Gilbert Lély Poète Surréaliste 1904-1985.

Gilbert Lely (1904-1985) - Photo d’Archives.

 
 
« La poésie est une réponse de l'homme à chaque interrogation du monde extérieur: la réponse la plus rapide, la plus nettement articulée, la plus libre, la plus dévorante. »
Gilbert Lely - La Sylphide ou l’Etoile Carnivore - 1938.
 
 
 
Il existe, bien sûr, une poésie à caractère sadomasochiste ou BDSM, comme vous le voudrez...
Elle ne peut cependant pas se départir du genre de la poésie érotique en général ou bien encore, plus simplement, de la poésie en soi.
 
Puisque je voulais en rester sur cette veine du poème ce soir, j’avais le choix.
Plutôt que d’aller puiser chez les plus connus, j’ai pensé soudain à Gilbert Lely (1904-1985), poète proche des Surréalistes, ami d’André Breton et de René Char mais surtout mémorable historien et « éditeur » curateur de Sade.
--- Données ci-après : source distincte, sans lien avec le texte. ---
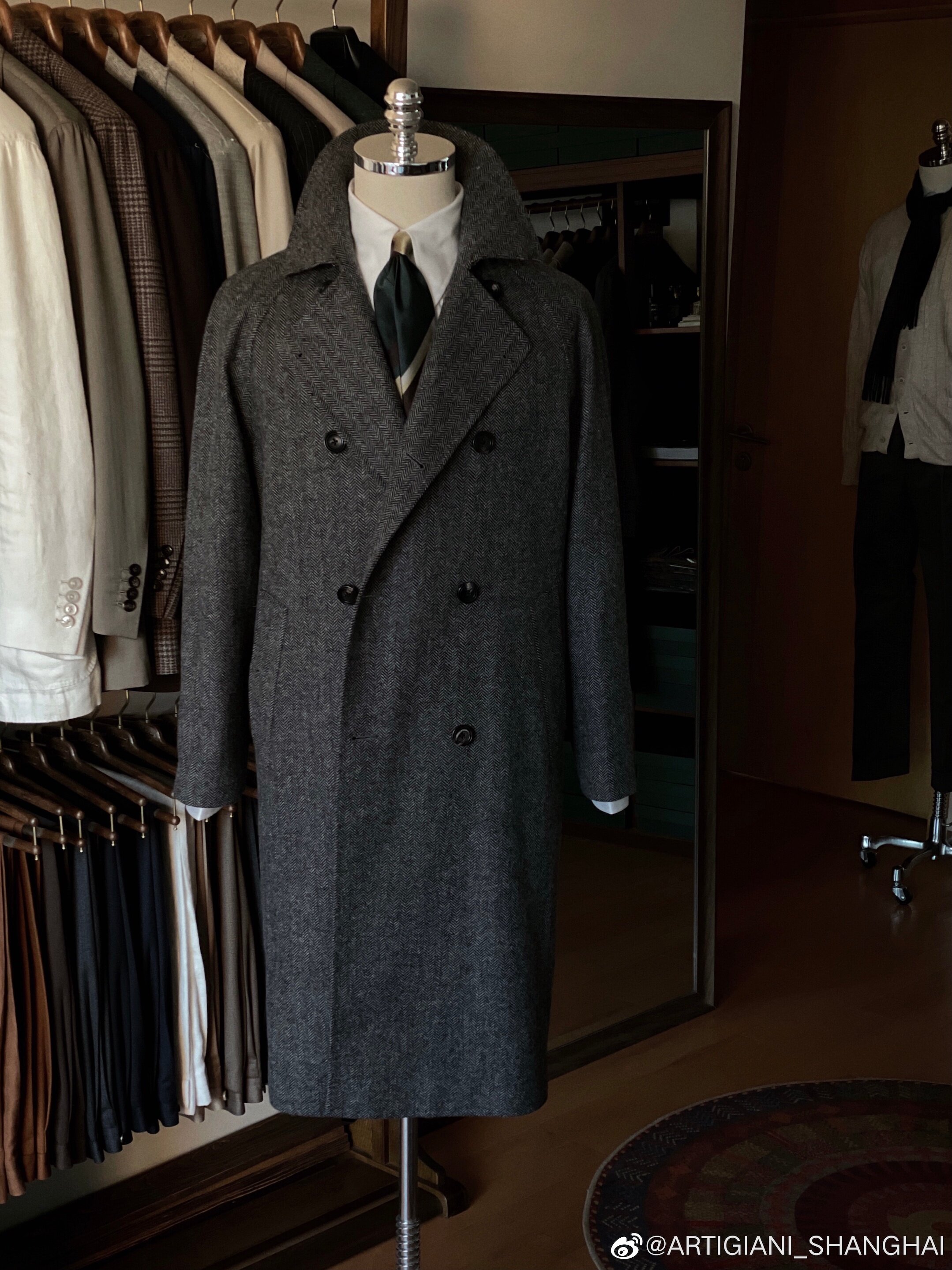 Artigiani Naples Handmade Coat Italian Luxury Old Money High-End Herringbone Wool Double-Breasted Coat

Il fut dans ses travaux autour du Divin Marquis à l’origine de la découverte de nombreux manuscrits inédits de la correspondance de celui-ci.
 
L’œuvre poétique de Gilbert Lely est réunie depuis 2000 en trois tomes de « Poésies Complètes » au Mercure de France. Ceux-ci sont toujours disponibles (mais sur commande seulement aujourd’hui) auprès de vos libraires.
 
Lely est un poète surréaliste et sadien.
Là encore, comme pour Bataille hier, j’ai distingué un poème du Tome III,  texte cher à mon cœur pour son évocation marseillaise, mais qui, s’il a une connotation SM évidente, n’est pas forcément le plus représentatif de la virulence passionnée et incantatoire, ni de la modernité subversive - pas plus que de la « forme » habituelle - des autres écrits de son auteur.
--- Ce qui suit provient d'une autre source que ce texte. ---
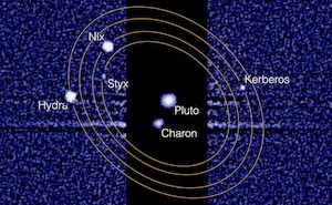 “Die vier kleinen Monde – Styx, Nix, Kerberos und Hydra – umkreisen den Zwergplaneten Pluto und seinen großen Mond Charon auf nahezu kreisförmigen, in einer Ebene liegenden Bahnen“, erläutern Mark Showalter vom SETI Institute in Kalifornien und Douglas Hamilton von der University of Maryland. Überraschend für die Astronomen beträgt die synodische Periode von Styx und Nix – also die Zeitdauer, nach der sich die beiden Trabanten an der gleichen Stelle ihrer Bahnen wieder begegnen – gerade das Anderthalbfache der synodischen Periode von Nix und Hydra. Wie diese Dreier-Resonanz entstanden ist, sei völlig unklar, so die beiden Forscher.

En effet, si Gilbert Lely ne dédaigne pas les épigrammes et la classicité (il fut le traducteur des « Métamorphoses » d’Ovide), s’il se laisse parfois aller au pastiche (c’est un peu le cas dans la poésie qui suit), ses textes érotiques plus voisins du Surréalisme sont généralement d’une fulgurance rare et d’une beauté intense et violente…
 
 
 
Sous la plus fauve latitude.
 
 
Sous la plus fauve latitude,
Trois jeunes scélérats l'entourent.
Est-ce que leurs mains la dénudent
Pour le supplice ou pour l'amour?
 
Une cave. Un grabat immonde,
Ils la soumettent, les démons,
Et travaillent sa chair de blonde
Jusques à la damnation.
 
Fasciné, l'amant de la belle,
Sous la surveillance d'un vieux.
Un couteau devant ses prunelles:
Il ne doit pas fermer les yeux.
 
A Marseille, dans les faubourgs,
Le soleil de l'après-midi
Dévore des chevaux pourris
Sur des canapés de velours.
 
 
 
Gilbert Lely - Poésies Complètes - Tome III - Section « Inédits et autres poèmes » - Editions Mercure de France - 2000.